▸ TASK TO COMPLETE: Without any pictures, print exactly the lines that run from the start of the data through the line containing "Ja ben weer".

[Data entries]
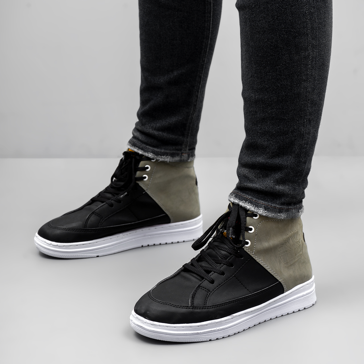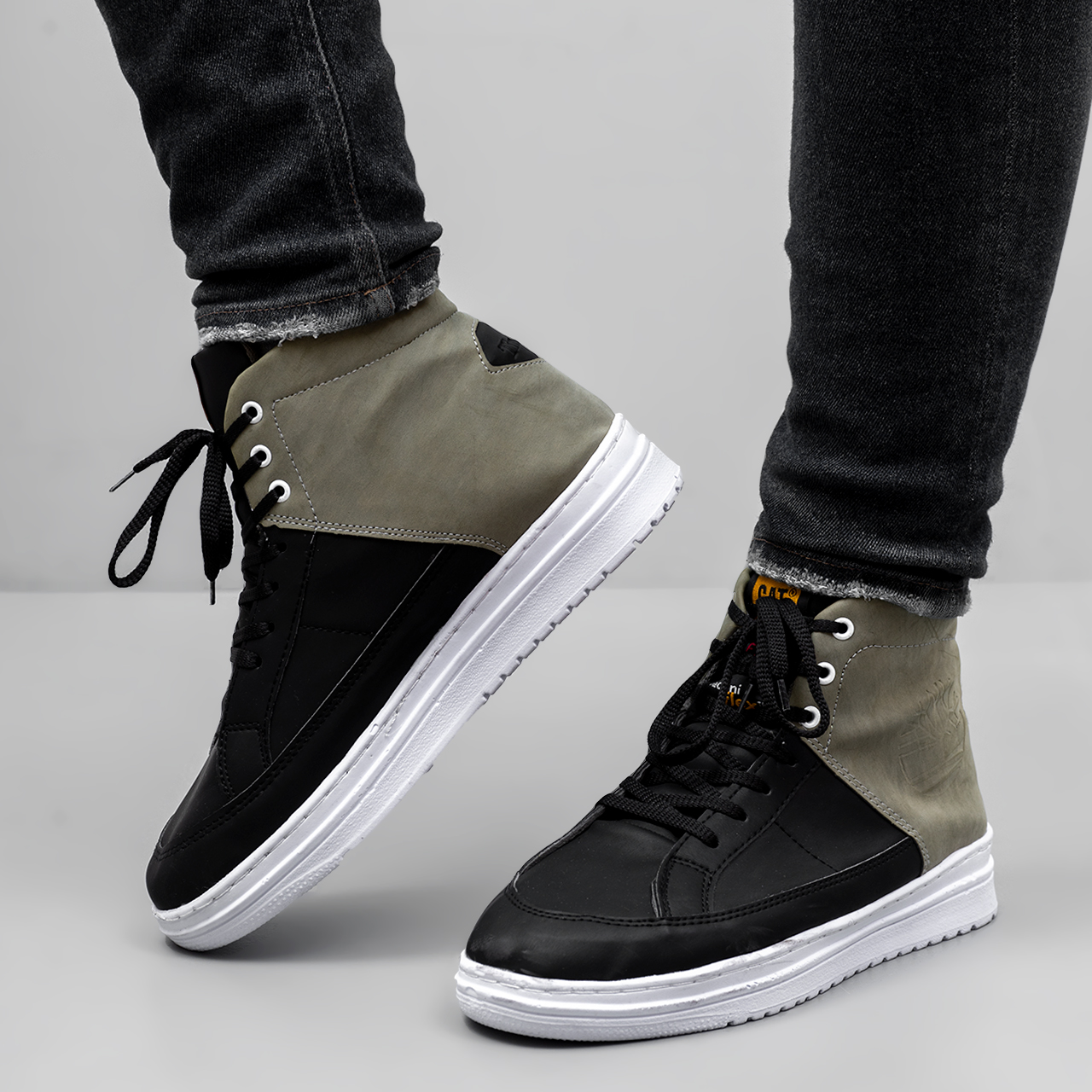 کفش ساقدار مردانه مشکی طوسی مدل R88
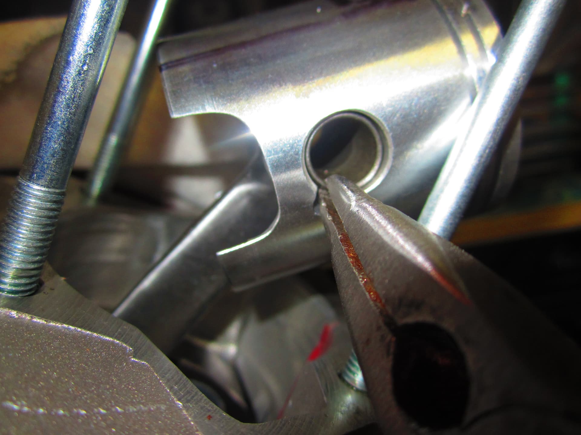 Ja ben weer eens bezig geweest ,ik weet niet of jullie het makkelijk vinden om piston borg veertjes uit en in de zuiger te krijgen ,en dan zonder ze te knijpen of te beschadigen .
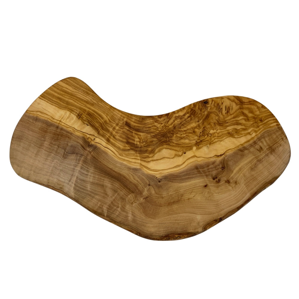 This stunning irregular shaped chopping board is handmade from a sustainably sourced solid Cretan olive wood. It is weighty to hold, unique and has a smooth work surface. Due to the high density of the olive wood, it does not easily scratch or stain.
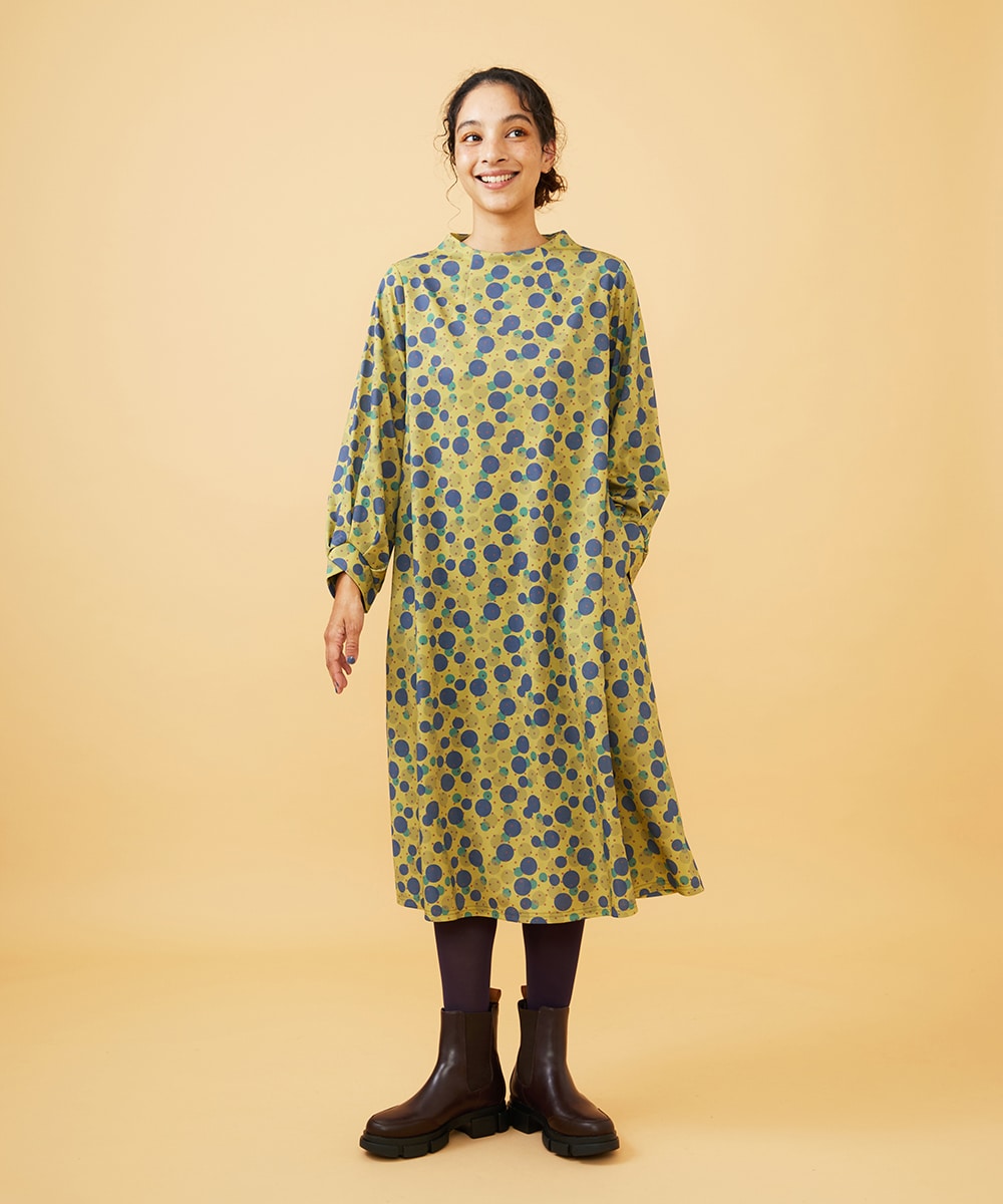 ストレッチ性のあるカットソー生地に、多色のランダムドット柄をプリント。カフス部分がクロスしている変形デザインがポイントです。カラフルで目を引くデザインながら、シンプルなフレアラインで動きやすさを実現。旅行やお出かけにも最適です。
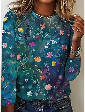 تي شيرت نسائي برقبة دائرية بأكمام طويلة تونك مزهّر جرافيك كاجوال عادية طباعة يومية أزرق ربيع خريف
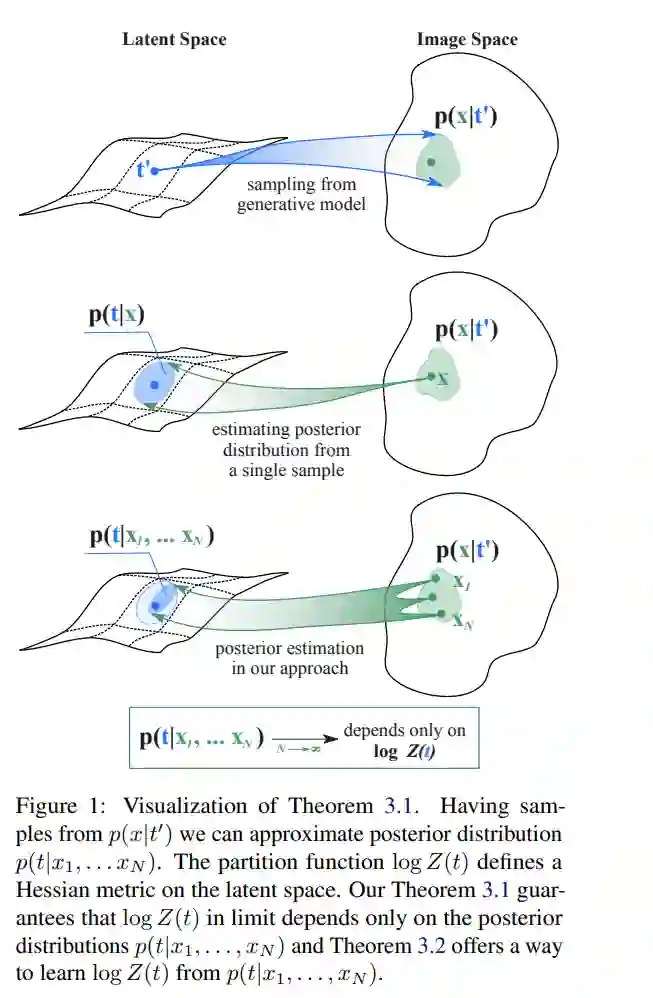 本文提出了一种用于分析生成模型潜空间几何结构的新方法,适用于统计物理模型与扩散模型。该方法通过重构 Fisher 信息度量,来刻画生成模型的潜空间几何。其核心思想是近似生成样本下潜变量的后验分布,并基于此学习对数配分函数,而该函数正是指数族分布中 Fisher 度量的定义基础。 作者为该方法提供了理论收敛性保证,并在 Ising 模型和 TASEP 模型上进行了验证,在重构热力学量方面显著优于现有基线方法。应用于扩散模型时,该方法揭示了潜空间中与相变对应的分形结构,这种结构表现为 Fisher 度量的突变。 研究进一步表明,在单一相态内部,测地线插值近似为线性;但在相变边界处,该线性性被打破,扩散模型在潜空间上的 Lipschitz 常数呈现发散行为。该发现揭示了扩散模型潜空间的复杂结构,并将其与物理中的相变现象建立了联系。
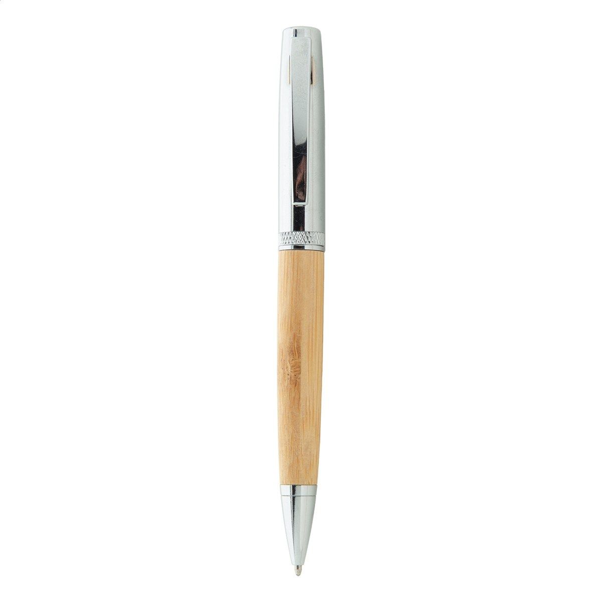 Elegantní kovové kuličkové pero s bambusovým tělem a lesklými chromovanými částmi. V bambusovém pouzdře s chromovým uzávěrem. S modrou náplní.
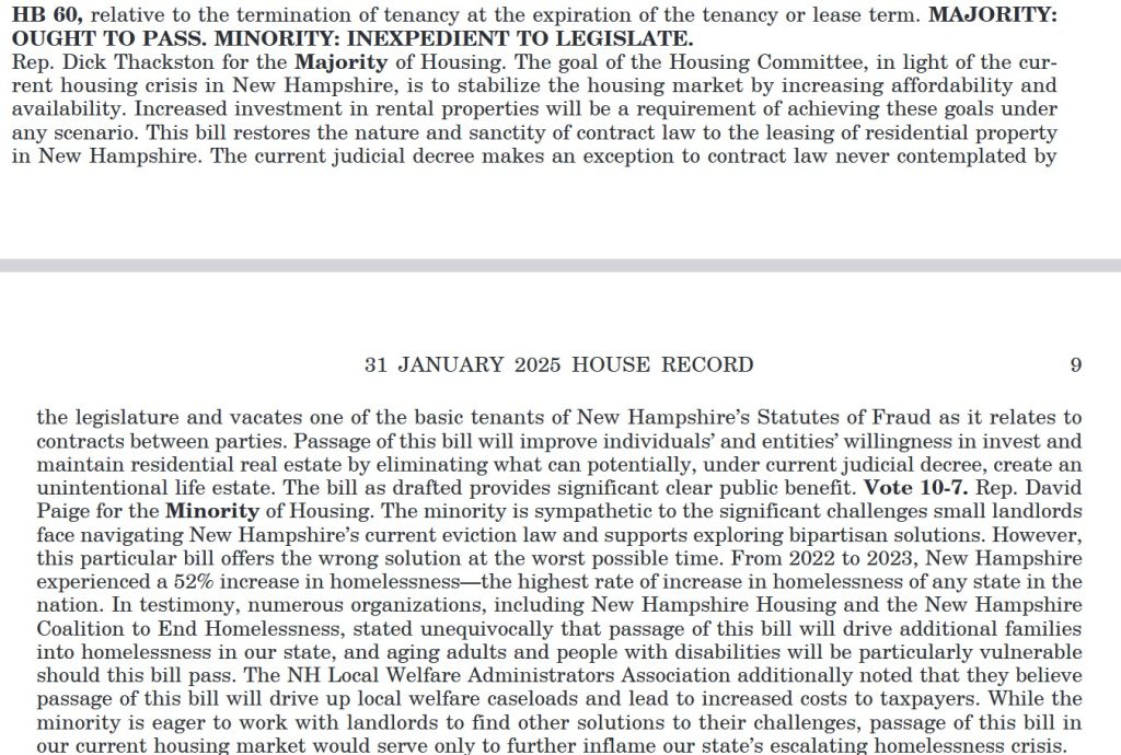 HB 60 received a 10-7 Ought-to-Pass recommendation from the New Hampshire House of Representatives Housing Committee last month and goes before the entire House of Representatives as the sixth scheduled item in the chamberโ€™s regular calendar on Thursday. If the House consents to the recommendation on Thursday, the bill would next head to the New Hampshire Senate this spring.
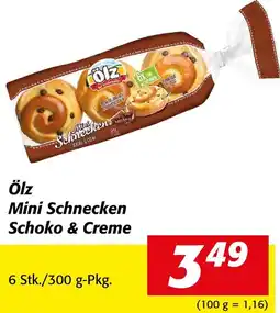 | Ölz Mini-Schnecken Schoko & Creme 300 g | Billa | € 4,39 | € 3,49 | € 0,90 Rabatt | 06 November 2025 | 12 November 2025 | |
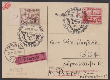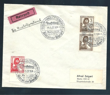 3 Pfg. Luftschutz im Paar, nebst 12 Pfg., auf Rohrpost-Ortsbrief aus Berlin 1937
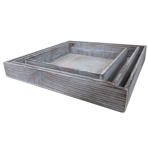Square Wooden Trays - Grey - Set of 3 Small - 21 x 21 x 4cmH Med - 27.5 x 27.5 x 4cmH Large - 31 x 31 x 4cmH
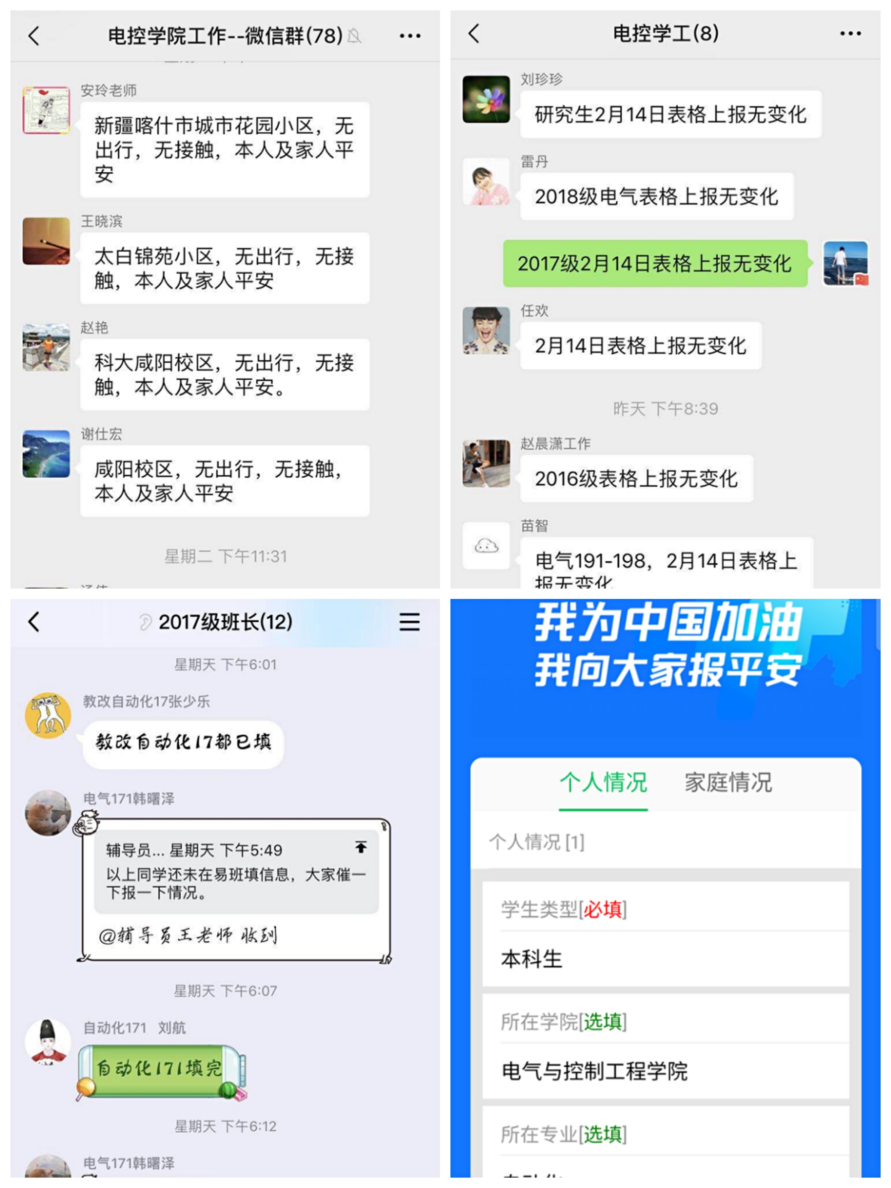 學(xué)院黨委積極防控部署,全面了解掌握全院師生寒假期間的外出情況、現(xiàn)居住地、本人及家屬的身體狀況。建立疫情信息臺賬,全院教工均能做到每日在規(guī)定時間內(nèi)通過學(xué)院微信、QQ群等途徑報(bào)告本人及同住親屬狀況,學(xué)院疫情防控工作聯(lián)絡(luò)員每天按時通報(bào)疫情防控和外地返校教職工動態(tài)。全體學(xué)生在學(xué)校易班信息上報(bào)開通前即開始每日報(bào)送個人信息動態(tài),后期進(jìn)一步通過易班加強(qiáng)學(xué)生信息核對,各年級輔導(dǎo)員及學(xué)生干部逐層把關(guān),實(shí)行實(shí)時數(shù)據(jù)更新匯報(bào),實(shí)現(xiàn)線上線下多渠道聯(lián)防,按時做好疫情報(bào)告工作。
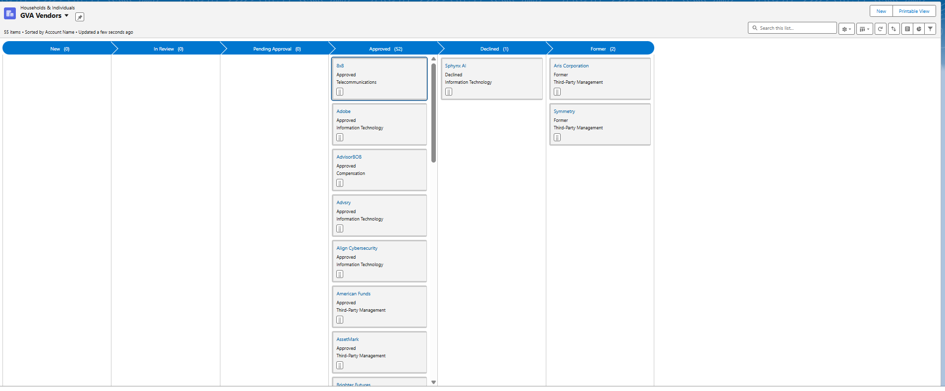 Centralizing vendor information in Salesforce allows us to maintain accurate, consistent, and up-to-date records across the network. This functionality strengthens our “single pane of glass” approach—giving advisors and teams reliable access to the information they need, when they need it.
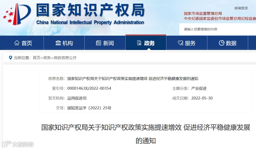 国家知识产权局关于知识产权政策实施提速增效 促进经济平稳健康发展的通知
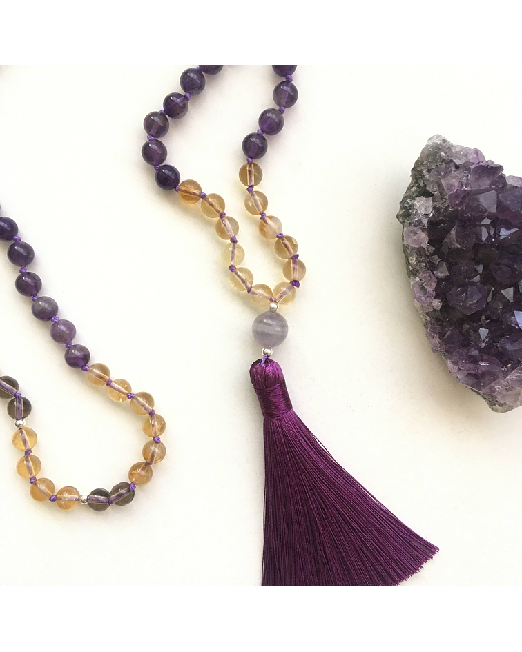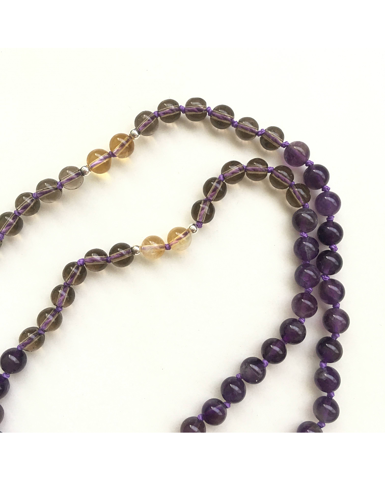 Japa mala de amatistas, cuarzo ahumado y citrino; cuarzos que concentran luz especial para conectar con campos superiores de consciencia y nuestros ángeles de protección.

▸ REPLY TO THE EXERCISE:
 کفش ساقدار مردانه مشکی طوسی مدل R88
 Ja ben weer eens bezig geweest ,ik weet niet of jullie het makkelijk vinden om piston borg veertjes uit en in de zuiger te krijgen ,en dan zonder ze te knijpen of te beschadigen .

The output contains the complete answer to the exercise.